Rouhani’s ‘Mixed Messages’ On Internet & Social Media

A British-Iranian housewife was sentenced to 20 years in jail this weekend for posting comments on Facebook  while on a visit to Shiraz. Roya Saberi Nejad Nobakht, who formerly resided in Stockport, England, was even tortured in prison prior to her sentencing, The Times reported. She was said to be “devastated.” We would be, too.
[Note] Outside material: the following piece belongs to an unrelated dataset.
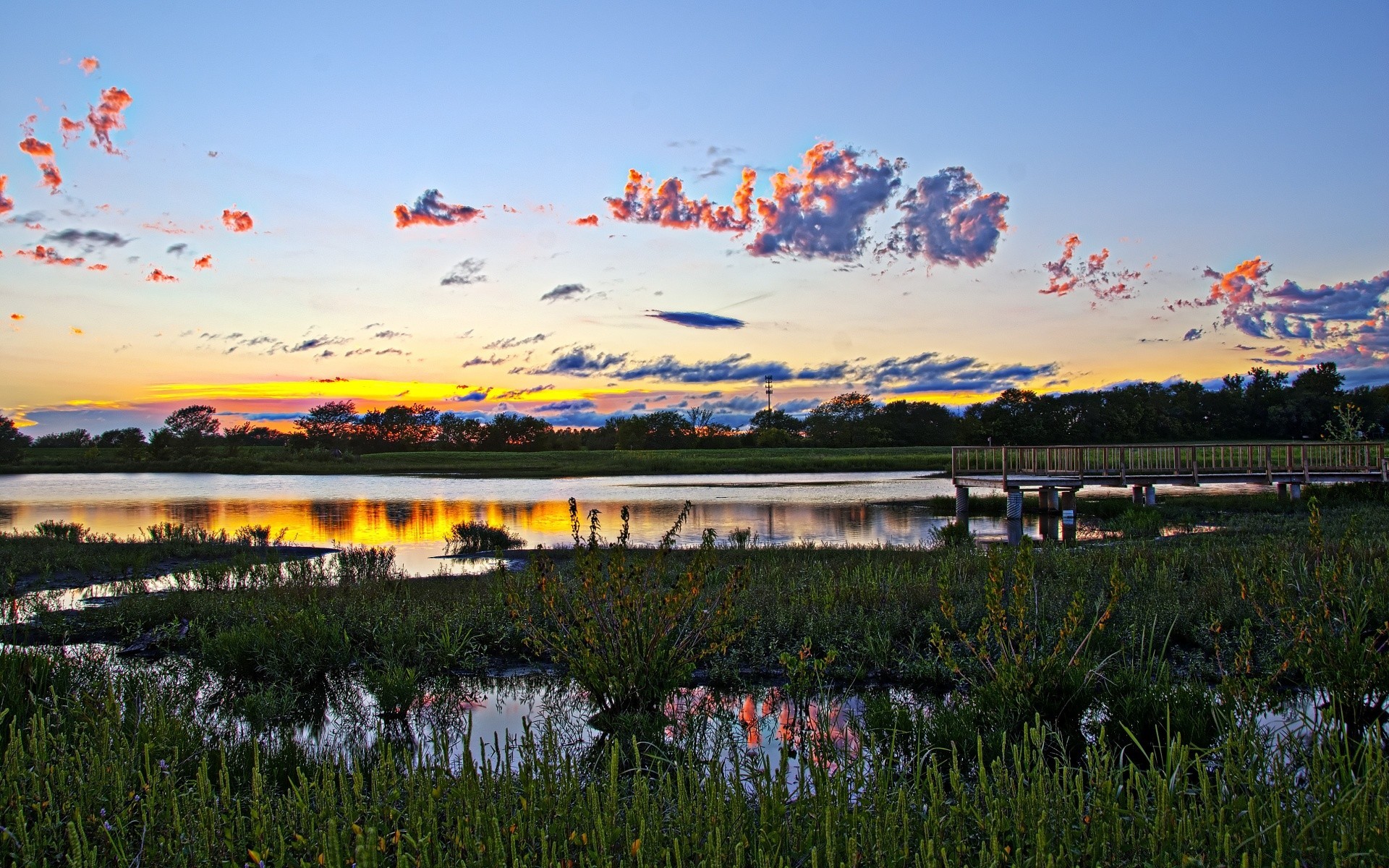 A dry tree against the background of a beautiful sunset on a pond whose shore is paros with treesA dry tree against the background of a beautiful sunset on a pond whose shore is paros with trees

Can we blame Nobakht’s plight on hardliners aiming to circumvent Iranian President Hassan Rouhani’s attempts to introduce reforms and freedoms? Possibly. But are things really that simple? Already in March, an analysis by Raha Zahedpour on X Index suggested the president, who was elected on a moderate ticket, was sending “mixed messages” on cultural freedoms and censorship. Yes, said Zahedpour, Iran’s House of Cinema was reopened and a major publishing house got its license back. But ultimately, even under Rouhani’s new order, the “principles” of the Islamic Republic still override civic rights; state censorship has simply been thrust from the hands of the government into the hands of the artists, who have been ordered in no uncertain terms to police their own art.

Roya Saberi Nejad Nobakht

This week, an analysis by Tom Risen on US News suggested Rouhani’s “digital revolution” was “dubious,” as his idea of internet freedom, censorship and access to social networks was a “far cry” from that of the West. Yes, he may have called the internet an “opportunity” and a “right” in a recent speech, but in practice, said Risen, he hasn’t eased Iran’s “cultural repression.” Only recently we heard of more restrictions regarding Instagram and Facebook.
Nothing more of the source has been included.